Open Access Paper
24 May 2022 Deep Q network algorithm based on sample screening
Hongbo Zhang, Peng Wang, Cui Ni, Nuo Cheng
Author Affiliations +
Proceedings Volume 12260, International Conference on Computer Application and Information Security (ICCAIS 2021); 122600I (2022) https://doi.org/10.1117/12.2637373
Event: International Conference on Computer Application and Information Security (ICCAIS 2021), 2021, Wuhan, China
Abstract
Path planning acts a significant role in the motion and exploration of mobile robots. As artificial intelligence develops, path planning is also moving towards intelligent direction. Deep Q network (DQN) has low computational complexity and high flexibility, and is widely used in mobile robot path planning. DQN algorithm mainly obtains training sample data through uniform random sampling, which is easy to generate redundancy and reduce the precision of the training model. So as to reduce the redundancy of selected samples, an improved DQN method for path planning is proposed in this paper. By establishing sample similarity screening matrix, the proposed algorithm can eliminate samples with high similarity, improve model training effect, and further enhance the precision of path planning. Simulation results show that the algorithm this paper proposed has a great improvement in the convergence speed of DQN model training and the robustness of path planning.

1.

INTRODUCTION

As robot technology1 develops, mobile robot is more and more widely used. As the guarantee of robot movement, path planning is especially important. The goal of path planning2-3 is finding a safe way that keeps from collision from jumping-off point to the target point in specified areas. Traditional path planning algorithms, such as artificial potential field method4, Dijkstra algorithm5 and rapidly-exploring random trees (RRT) method6, are easy to implement to finish the path planning in known environment, but there is a problem of poor exploration ability in path planning. In this case, there will be more space of reinforcement learning.

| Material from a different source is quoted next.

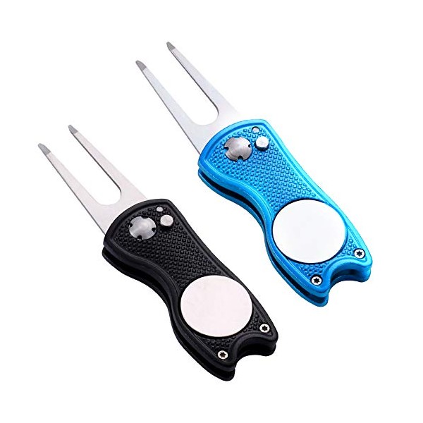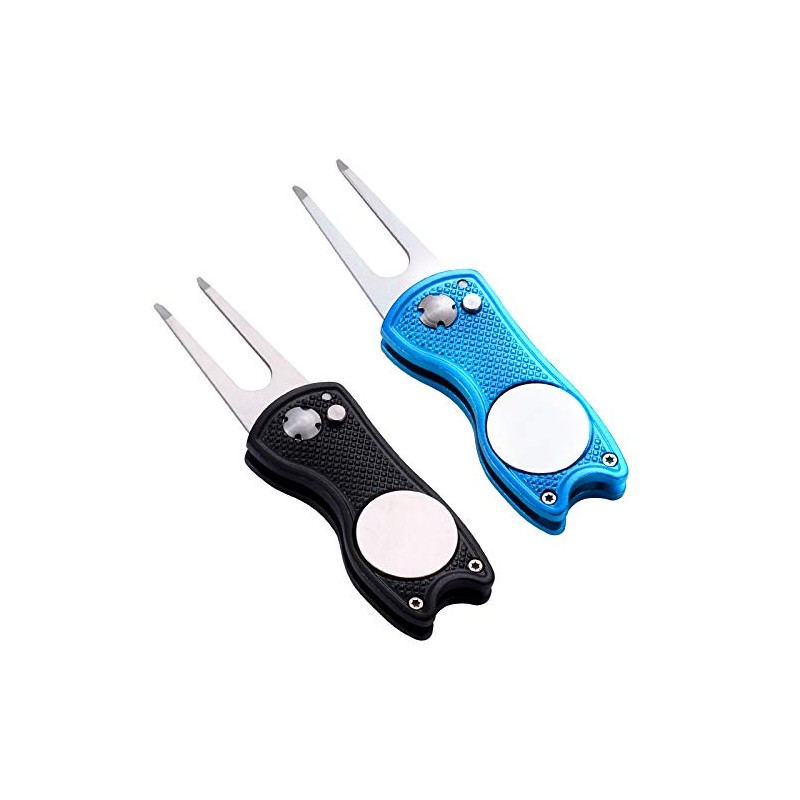 Yizerel 2 Pack Metal Foldable Golf Divot Tool with Pop-up Button & Magnetic Ball Marker (Pack of 2, Fish Design)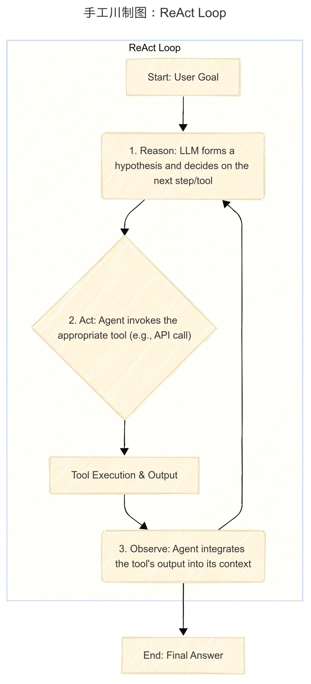 指南以 ReAct (Reason + Action) 框架为例,阐述了其工作原理:

Reinforcement Learning (RL)7-8 is an artificial intelligence algorithm that does not require prior knowledge and obtains feedback information through trial-and-error iteration with the environment to optimize strategies. As one of the methods of machine learning9, it is suitable for solving sequential decision problems. In manner of trial and error in the environment, the agent takes the maximum cumulative reward brought by doing something as its optimal learning strategy. Markov Decision Process (MDP) is used to describe reinforcement learning problem mathematically. In the whole process of reinforcement learning exploration, for each time step, the environment provides an observation state St for the agent, and the agent selects an action At according to the strategy to respond, and then gets the immediate reward Rt provided by the environment and moves to the next state St+1. The agent’s goal is to maximize the expected discount reward by looking for an optimal strategy.

On the basis of reinforcement learning, deep reinforcement learning increases the perceptual ability of deep learning. As one of the representatives of deep reinforcement learning, DQN algorithm10-12 has not only been tested with good effects in Atari games, but also has excellent performance in path planning. Based on Q-learning algorithm, DQN algorithm replaces Q-table with convolutional neural network, which solves the problem of large state space. DQN breaks the correlation between data by random sampling, and uses both the target network and the current network to solve the problem of model stability. Compared with other models, DQN has strong versatility and can be used to solve different types of problems.

2.

IMPROVED ALGORITHM

2.1

Improvement of training data

DQN algorithm combines the powerful representation ability of deep neural network with Q-learning algorithm, and achieves excellent performance in a series of tasks. The success of this algorithm benefits from the target network and experience replay method used in DQN algorithm, especially experience replay method, which stores previous experiences in a container and disrupt correlations between them. DQN algorithm uses experience replay method to reduce the correlation between training experiences, improve experience utilization and reduce overfitting. The main method is to store the experience generated in the process of finding the target into the experience pool. During network training, a batch of experience is sampled without order or plan from the experience pool for updating network parameters. However, these experiences are not equally important for network model learning, and there will be repeated and similar experiences. To solve this problem, an improved experience replay method is proposed to reduce similarity, which uses an experience pool to store all experiences, and speeds up network model training by eliminating similar experiences in the training process. That is, when a batch of sample data is extracted each time, the matrix as shown in Figure 1 is designed for similarity screening.

Figure 1.

Screening matrix.

00186_psisdg12260_122600i_page_2_1.jpg

While collecting samples for training, the surrounding conditions of the current point are calculated and a 3×3 matrix representing the surrounding obstacles is returned, as shown in Figure 2.

Figure 2.

The matrix that describes the surroundings.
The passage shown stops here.